> [TASK INSTRUCTIONS] In the data that follows, each entry is to be restated exactly.

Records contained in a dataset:
◆ ◆ ◆
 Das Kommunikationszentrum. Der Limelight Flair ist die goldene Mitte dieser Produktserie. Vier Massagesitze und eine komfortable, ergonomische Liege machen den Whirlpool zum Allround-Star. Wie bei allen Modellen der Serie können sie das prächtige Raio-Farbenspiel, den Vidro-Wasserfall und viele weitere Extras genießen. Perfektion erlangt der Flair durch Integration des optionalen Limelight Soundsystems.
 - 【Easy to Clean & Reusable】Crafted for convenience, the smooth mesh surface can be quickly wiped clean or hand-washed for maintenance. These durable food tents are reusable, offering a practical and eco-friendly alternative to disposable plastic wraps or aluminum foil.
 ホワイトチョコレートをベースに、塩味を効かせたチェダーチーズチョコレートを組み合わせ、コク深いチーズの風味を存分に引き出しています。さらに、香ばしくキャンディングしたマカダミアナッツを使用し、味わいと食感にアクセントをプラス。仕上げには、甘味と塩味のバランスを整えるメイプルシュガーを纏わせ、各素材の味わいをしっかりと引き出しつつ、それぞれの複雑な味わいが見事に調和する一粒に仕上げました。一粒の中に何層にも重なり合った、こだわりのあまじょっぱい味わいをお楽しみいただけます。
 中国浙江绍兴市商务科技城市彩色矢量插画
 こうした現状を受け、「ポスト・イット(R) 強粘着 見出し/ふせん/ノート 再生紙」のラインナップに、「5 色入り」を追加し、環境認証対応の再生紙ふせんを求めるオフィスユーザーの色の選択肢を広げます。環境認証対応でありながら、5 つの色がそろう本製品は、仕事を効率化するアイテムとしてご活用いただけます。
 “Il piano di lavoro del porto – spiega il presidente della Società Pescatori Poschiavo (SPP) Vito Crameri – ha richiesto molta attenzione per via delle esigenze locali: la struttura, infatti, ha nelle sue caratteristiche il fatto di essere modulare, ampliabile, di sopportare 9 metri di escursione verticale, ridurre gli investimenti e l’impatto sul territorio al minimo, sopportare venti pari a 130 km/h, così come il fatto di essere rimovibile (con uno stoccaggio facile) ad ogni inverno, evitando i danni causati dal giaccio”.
◆ ◆ ◆
> [OUTPUT BELOW]
 Das Kommunikationszentrum. Der Limelight Flair ist die goldene Mitte dieser Produktserie. Vier Massagesitze und eine komfortable, ergonomische Liege machen den Whirlpool zum Allround-Star. Wie bei allen Modellen der Serie können sie das prächtige Raio-Farbenspiel, den Vidro-Wasserfall und viele weitere Extras genießen. Perfektion erlangt der Flair durch Integration des optionalen Limelight Soundsystems.
 - 【Easy to Clean & Reusable】Crafted for convenience, the smooth mesh surface can be quickly wiped clean or hand-washed for maintenance. These durable food tents are reusable, offering a practical and eco-friendly alternative to disposable plastic wraps or aluminum foil.
 ホワイトチョコレートをベースに、塩味を効かせたチェダーチーズチョコレートを組み合わせ、コク深いチーズの風味を存分に引き出しています。さらに、香ばしくキャンディングしたマカダミアナッツを使用し、味わいと食感にアクセントをプラス。仕上げには、甘味と塩味のバランスを整えるメイプルシュガーを纏わせ、各素材の味わいをしっかりと引き出しつつ、それぞれの複雑な味わいが見事に調和する一粒に仕上げました。一粒の中に何層にも重なり合った、こだわりのあまじょっぱい味わいをお楽しみいただけます。
 中国浙江绍兴市商务科技城市彩色矢量插画
 こうした現状を受け、「ポスト・イット(R) 強粘着 見出し/ふせん/ノート 再生紙」のラインナップに、「5 色入り」を追加し、環境認証対応の再生紙ふせんを求めるオフィスユーザーの色の選択肢を広げます。環境認証対応でありながら、5 つの色がそろう本製品は、仕事を効率化するアイテムとしてご活用いただけます。
 “Il piano di lavoro del porto – spiega il presidente della Società Pescatori Poschiavo (SPP) Vito Crameri – ha richiesto molta attenzione per via delle esigenze locali: la struttura, infatti, ha nelle sue caratteristiche il fatto di essere modulare, ampliabile, di sopportare 9 metri di escursione verticale, ridurre gli investimenti e l’impatto sul territorio al minimo, sopportare venti pari a 130 km/h, così come il fatto di essere rimovibile (con uno stoccaggio facile) ad ogni inverno, evitando i danni causati dal giaccio”.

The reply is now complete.